I had a male alone when I lost my female, and he still showed very nice color. The first thing to color up was the white anal fin. The black wasn't quite as intense as when he is with females, but he still looked good.


----------



## Hookstermeister (Sep 26, 2006)

I have one with my P. Nyererei "Mwanza" and my Neochromis Greenwoodi groups. He's about 2 1/2" and colors up nicely on his own and doesn't bother anybody.


----------



## DJRansome (Oct 29, 2005)

That sounds good. Once I sell a bunch of Lethrinops fry at the fall auction I will have tank space for some new Victorians. :dancing:


----------



## Alowishus (Sep 4, 2010)

What's moving the water in that tank, Kevin? Looks like there's a lot of flow.
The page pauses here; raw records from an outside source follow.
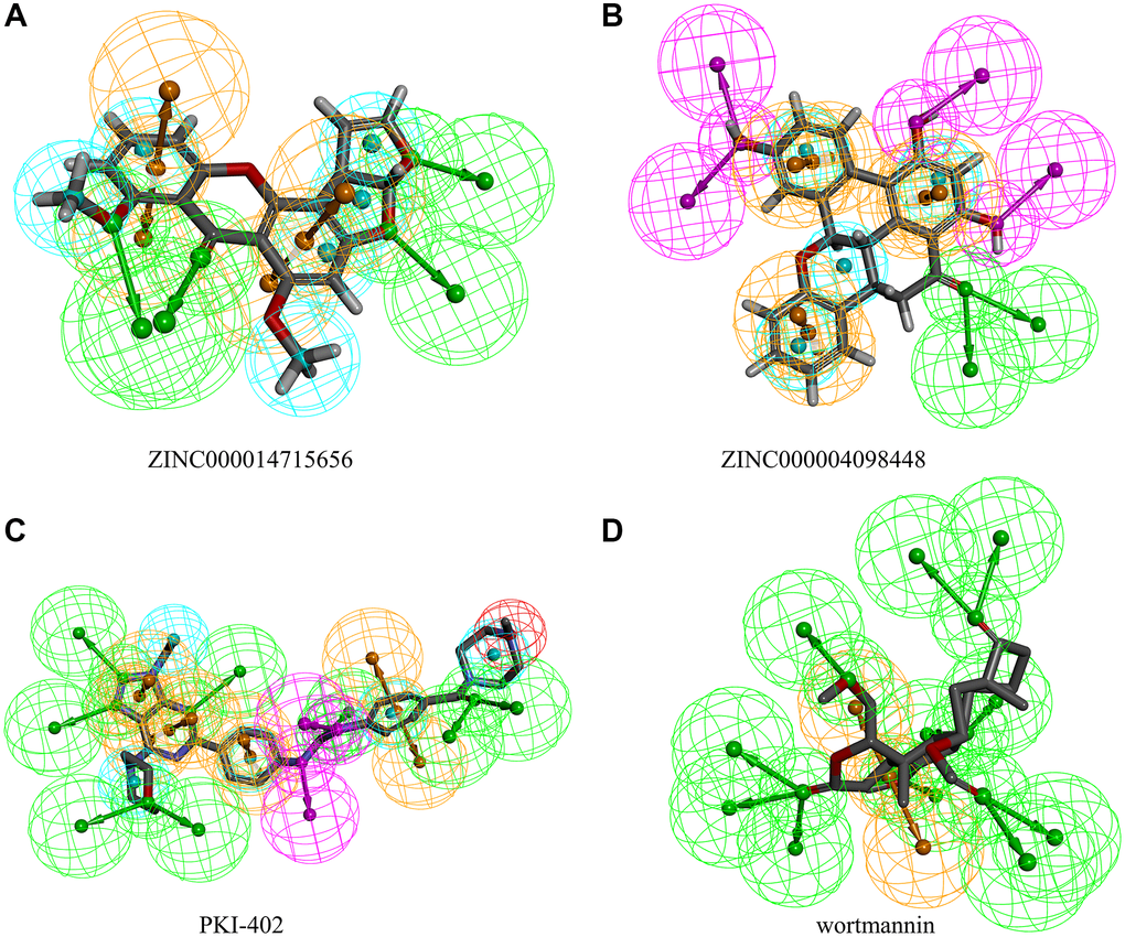 The pharmacophore study of the two candidate ligands, PKI-402, and wortmannin showed 14 features in ZINC000014715656 including 4 hydrogen bond (HB) acceptors, 6 hydrophobics, and 4 ring aromatics (Figure 3). ZINC000004098448 showed 20 features in ZINC000004098448, including 6 HB acceptors, 4 HB donors, 4 hydrophobics, and 6 ring aromatics. Wortmannin and PKI-402 showed 13 and 24 features, respectively.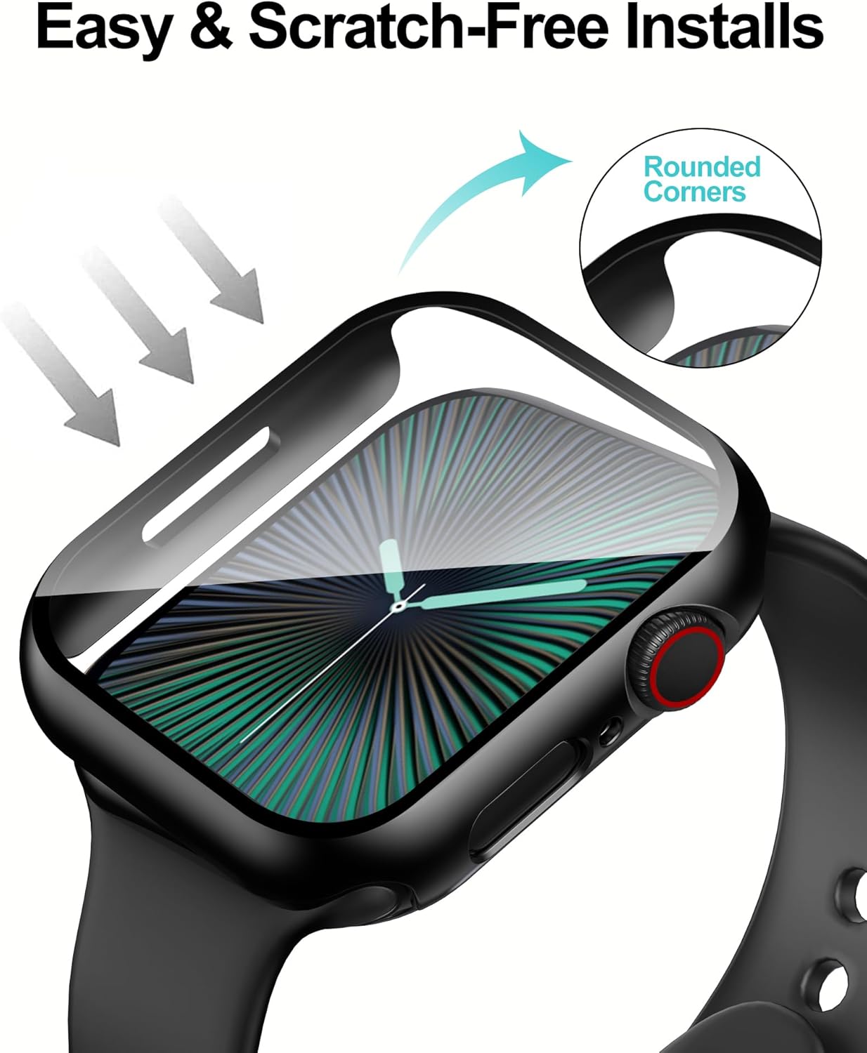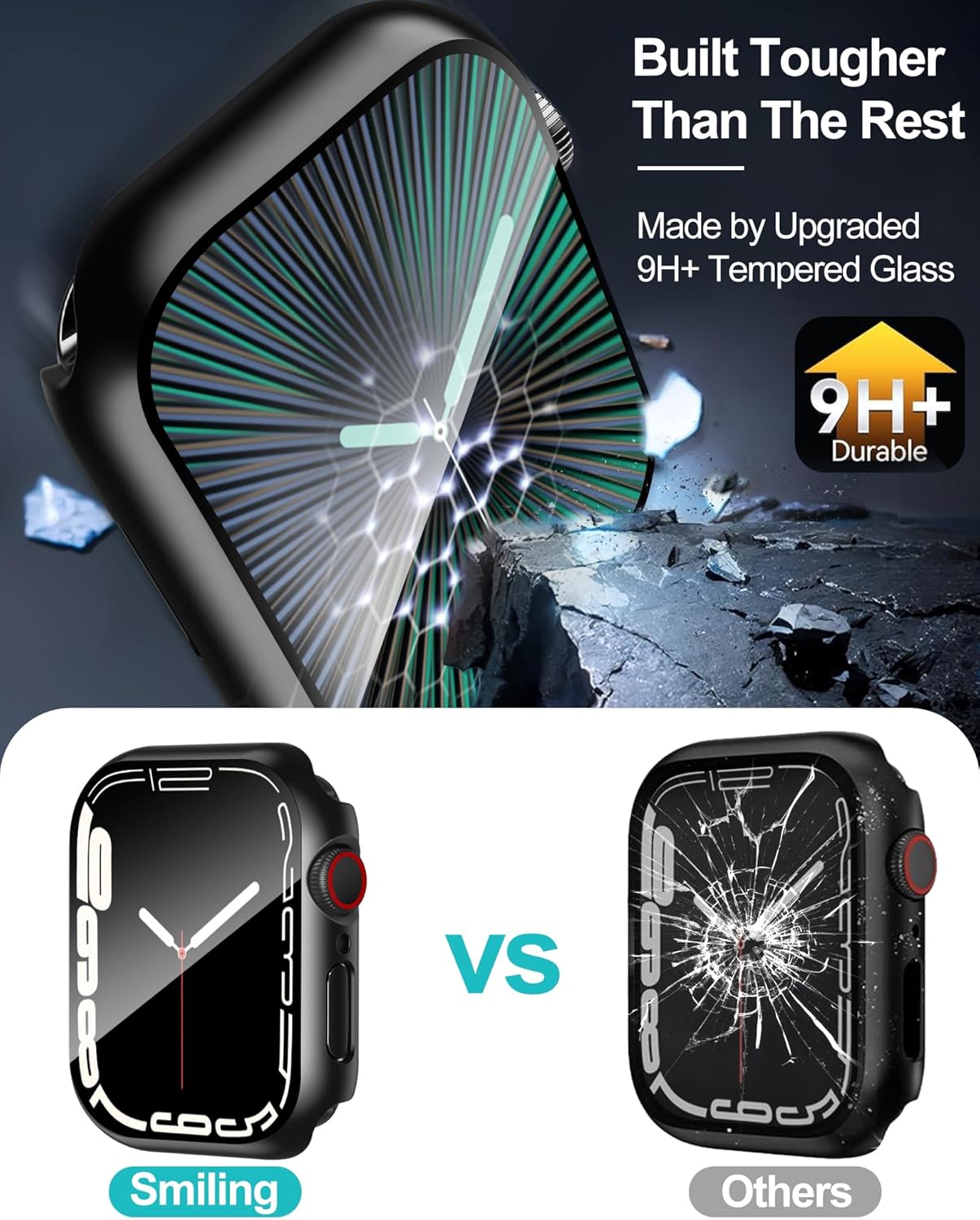 [2-in-1 Full Protection]: Durable Hard PC case with built-in 9H+ HD clear tempered glass screen protector, all around protects your Apple Watch 45mm from scratch, bumps, and accidental drops.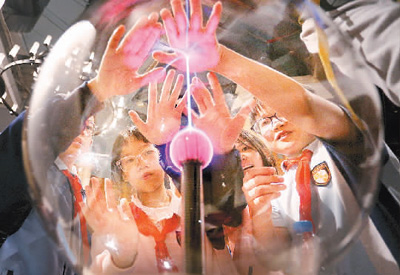 學(xué)生們?cè)趶V東科學(xué)中心觀察和體驗(yàn)“輝光球”放電現(xiàn)象。黃繼明攝(人民圖片)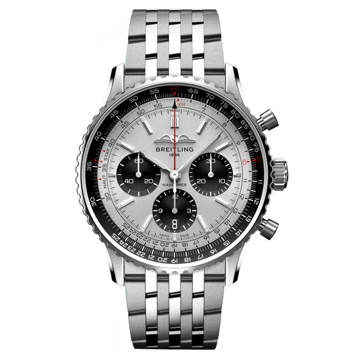 Experience iconic legacy and exceptional craftmanship with this Breitling Navitimer B01 Chronograph 43 Automatic Men’s Watch. Where precision meets sophistication, this timepiece seamlessly blends heritage design with cutting-edge technology, embodying the spirit of aviation pioneers in every detail. At A Glance Presented on a stainless steel bracelet and fastened with a double foldover clasp with push button 43mm stainless steel case with 30m water resistance Silver dial with the AOPA wings positioned at 12 o’clock, stainless steel hands and hour markers Cambered sapphire crystal glass, glareproofed both sides Date window displayed 6 o’clock Powered by Breitling 01, self-winding mechanical movement Power reserve of approximately 70 hours
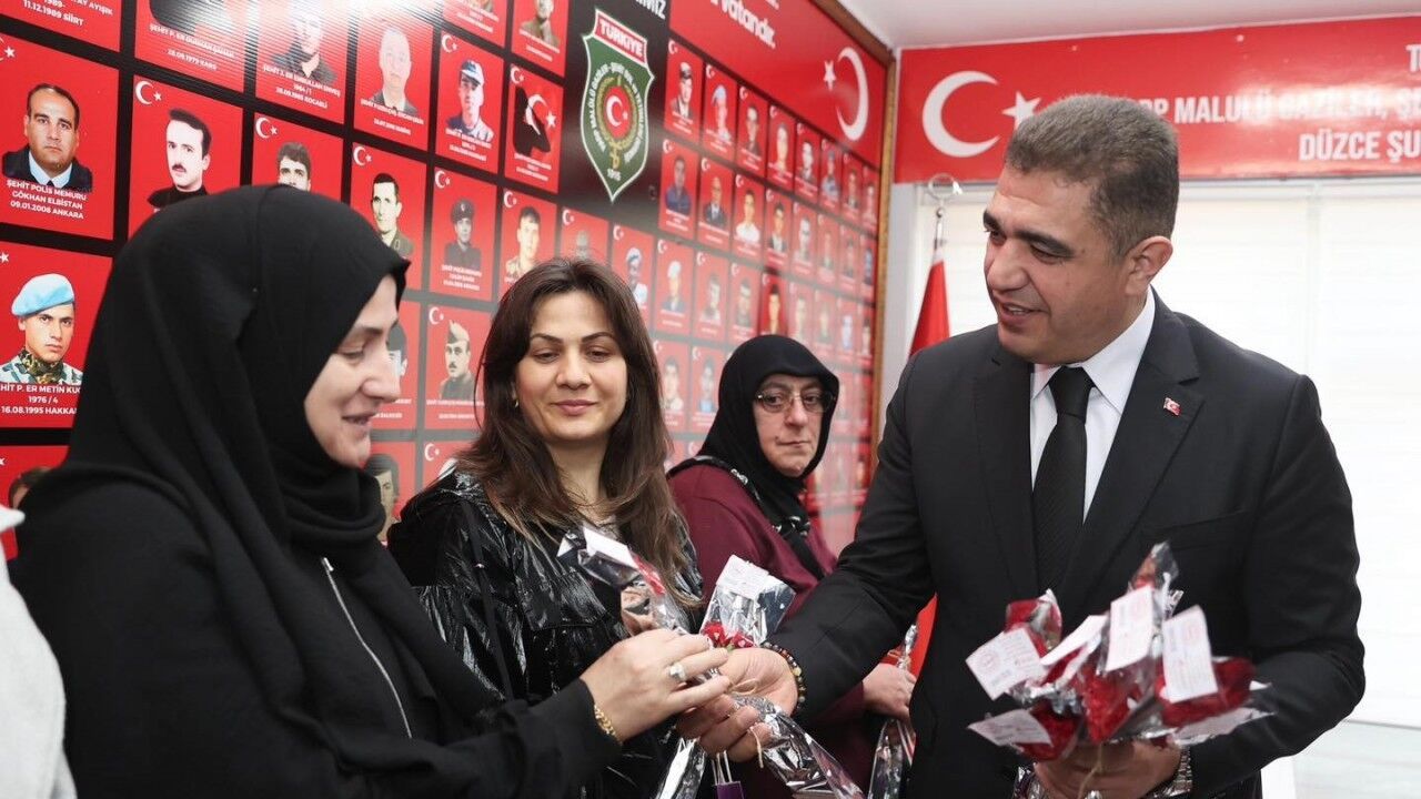 8 Mart Dünya Emekçi Kadınlar Günü tüm yurtta olduğu gibi Düzce’de de çeşitli etkinliklerle kutlanıyor. Düzce Valisi Selçuk Aslan, eşi Pınar Aslan ile birlikte 8 Mart Dünya Emekçi Kadınlar Günü vesilesiyle şehitlerimizin ve gazilerimizin anneleri ile eşleriyle bir araya geldi. Türkiye Harp Malulü Gaziler, Şehit Dul ve Yetimleri Derneği Düzce Şubesi’nde Kur’an-ı Kerim tilaveti okunarak, şehitlerimiz ve gazilerimiz için dualar edildi.

Beautiful fish, as usual, by the way.


----------



## DJRansome (Oct 29, 2005)

Could you keep the Kenya Gold with Neochromis omnicaeruleus Ruti? 48" tank, plenty of females for each species?


----------



## DJRansome (Oct 29, 2005)

Bump.


----------



## m1ke715m (Jul 26, 2012)

lethrinops mbasi dj?


----------



## DJRansome (Oct 29, 2005)

:-?


----------



## StructureGuy (Jul 27, 2002)

DJRansome said:


> Could you keep the Kenya Gold with Neochromis omnicaeruleus Ruti? 48" tank, plenty of females for each species?


Don't know since I never tried it myself. Two reasonably aggressive vic species in the same tank is always an experiment to keep a close eye on. My guess would be that the larger more territorial omnicaeruleus would have the upper hand.

Kevin


----------